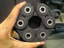 Le joint de Cardan, ou simplement « cardan », ou encore « joint universel » (terminologie plus courante dans la littérature technique anglo-saxonne), permet de transmettre un mouvement de rotation d'un arbre à un autre lorsqu'ils forment entre eux un angle (inférieur à un angle droit). Dans ce dispositif, les deux arbres sont dotés à leur extrémité d'une fourche ; les deux fourches sont perpendiculaires, et connectées par un croisillon, rotulé aux extrémités de chacune des fourches[7].
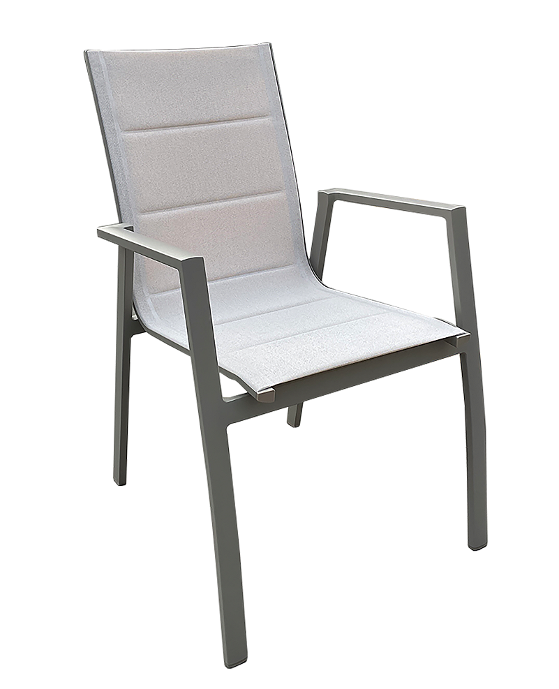 Nätt karmstol i aluminium med sits stoppad med QuickDry-skum. Stapelbar karmstol med beige sits och stomme i färgen khaki.
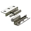 Tillverkat i stål med en färg av mässing och monteras med skruv. Gångjärnet har ett stopp åt höger.
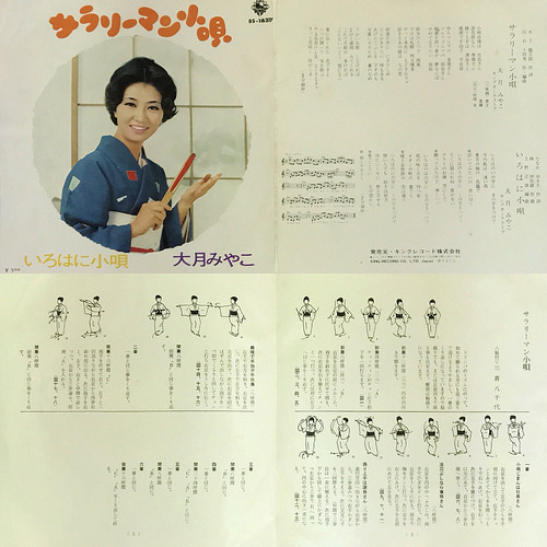 サラリーマン小唄 / 大月みやこ Music 2018.06.092019.06.17 1972年。 「サラリーマン小唄」は三味線と尺八も入ってる。イントロにドドンパのリズム。小唄のドドンパアレンジって当時はよくあったのかな。 歌詞はああ、終身雇用だねーという遠い昔の世界。 「いろはに小唄」の方は1番から4番まで「いろはの○の字に○の字をつけて」で色恋を歌う。ギターがワウっぽいっていうんだろうか、ちょっといい感じ。
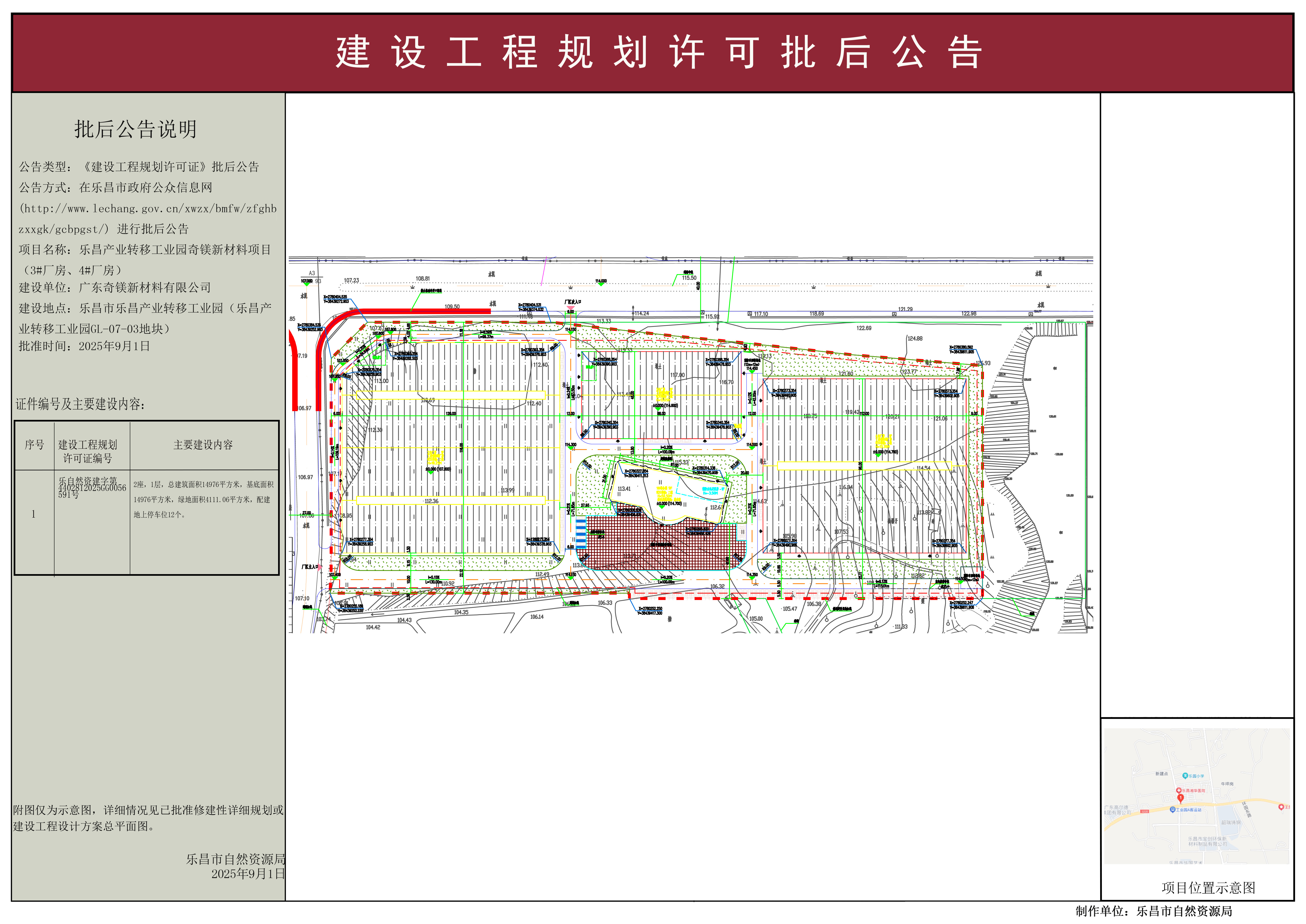 乐昌产业转移工业园奇镁新材料项目(3#厂房、4#厂房)《建设工程规划许可证》批后公告.jpg

■ ■ ■ ■

* Problem *
None of the pictures belong in the copy. Write out exactly the lines from the line that holds "Tillverkat i stål" through the last line of the listing above, both ends included.

* Exercise response *
 Tillverkat i stål med en färg av mässing och monteras med skruv. Gångjärnet har ett stopp åt höger.
 サラリーマン小唄 / 大月みやこ Music 2018.06.092019.06.17 1972年。 「サラリーマン小唄」は三味線と尺八も入ってる。イントロにドドンパのリズム。小唄のドドンパアレンジって当時はよくあったのかな。 歌詞はああ、終身雇用だねーという遠い昔の世界。 「いろはに小唄」の方は1番から4番まで「いろはの○の字に○の字をつけて」で色恋を歌う。ギターがワウっぽいっていうんだろうか、ちょっといい感じ。
 乐昌产业转移工业园奇镁新材料项目(3#厂房、4#厂房)《建设工程规划许可证》批后公告.jpg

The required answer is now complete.